» **TASK INSTRUCTIONS**: Beginning with the line that contains "The physical structure" and ending with the line that contains "其中,应用结构包括工作表、工", reproduce the lines of the entries below exactly, omitting pictures.

» **DATA TO EXAMINE**:
....
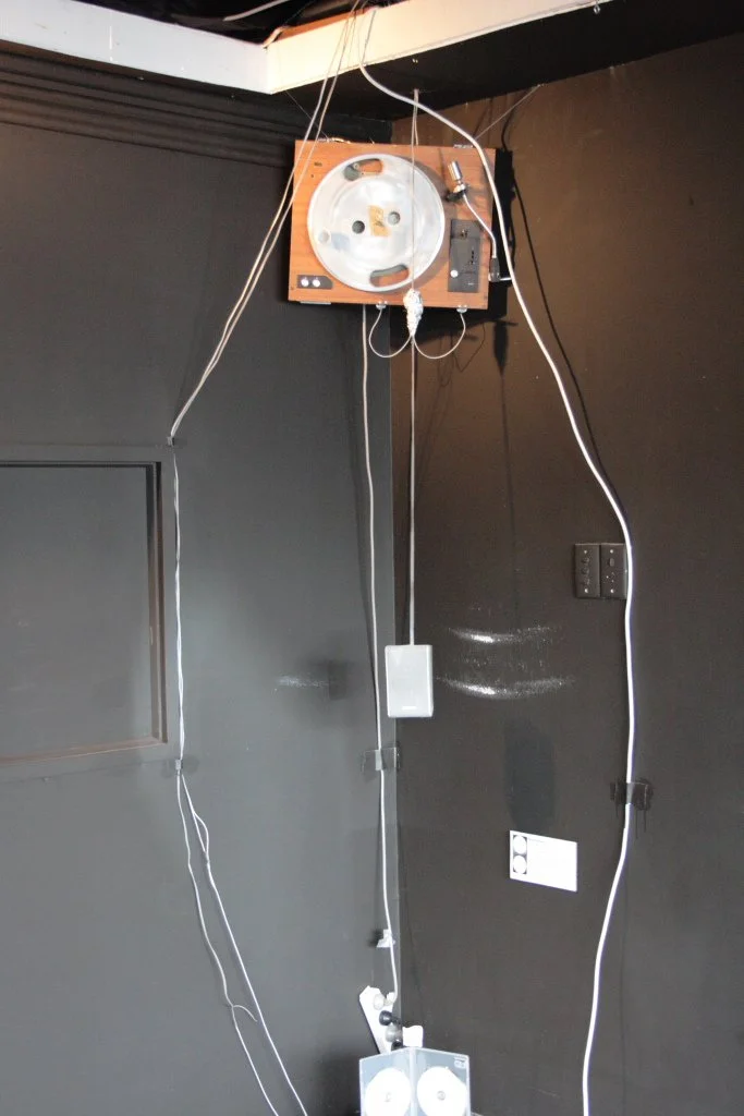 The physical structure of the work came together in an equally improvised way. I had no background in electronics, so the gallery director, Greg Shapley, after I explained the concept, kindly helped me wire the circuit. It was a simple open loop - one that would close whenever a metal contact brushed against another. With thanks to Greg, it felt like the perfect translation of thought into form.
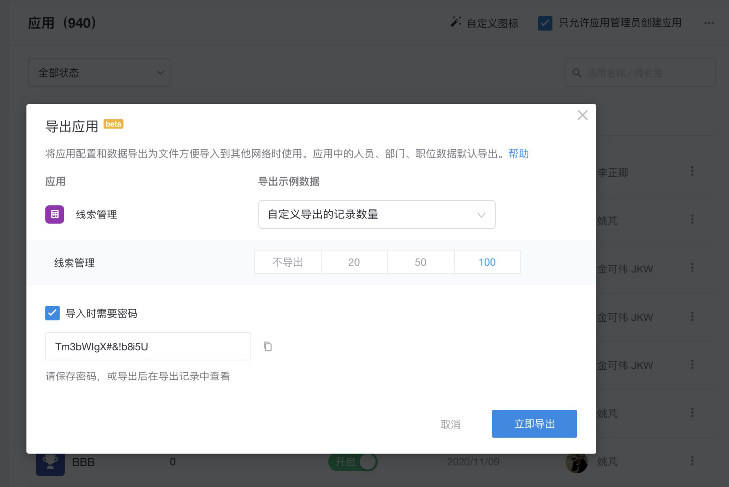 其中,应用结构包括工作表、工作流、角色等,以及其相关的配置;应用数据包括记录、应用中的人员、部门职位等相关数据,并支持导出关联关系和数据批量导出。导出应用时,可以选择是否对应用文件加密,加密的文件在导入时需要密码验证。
....
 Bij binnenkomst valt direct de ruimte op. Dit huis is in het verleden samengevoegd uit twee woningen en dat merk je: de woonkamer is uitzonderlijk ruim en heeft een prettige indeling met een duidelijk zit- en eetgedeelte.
....
» **ANSWER TO THIS TASK**:
 The physical structure of the work came together in an equally improvised way. I had no background in electronics, so the gallery director, Greg Shapley, after I explained the concept, kindly helped me wire the circuit. It was a simple open loop - one that would close whenever a metal contact brushed against another. With thanks to Greg, it felt like the perfect translation of thought into form.
 其中,应用结构包括工作表、工作流、角色等,以及其相关的配置;应用数据包括记录、应用中的人员、部门职位等相关数据,并支持导出关联关系和数据批量导出。导出应用时,可以选择是否对应用文件加密,加密的文件在导入时需要密码验证。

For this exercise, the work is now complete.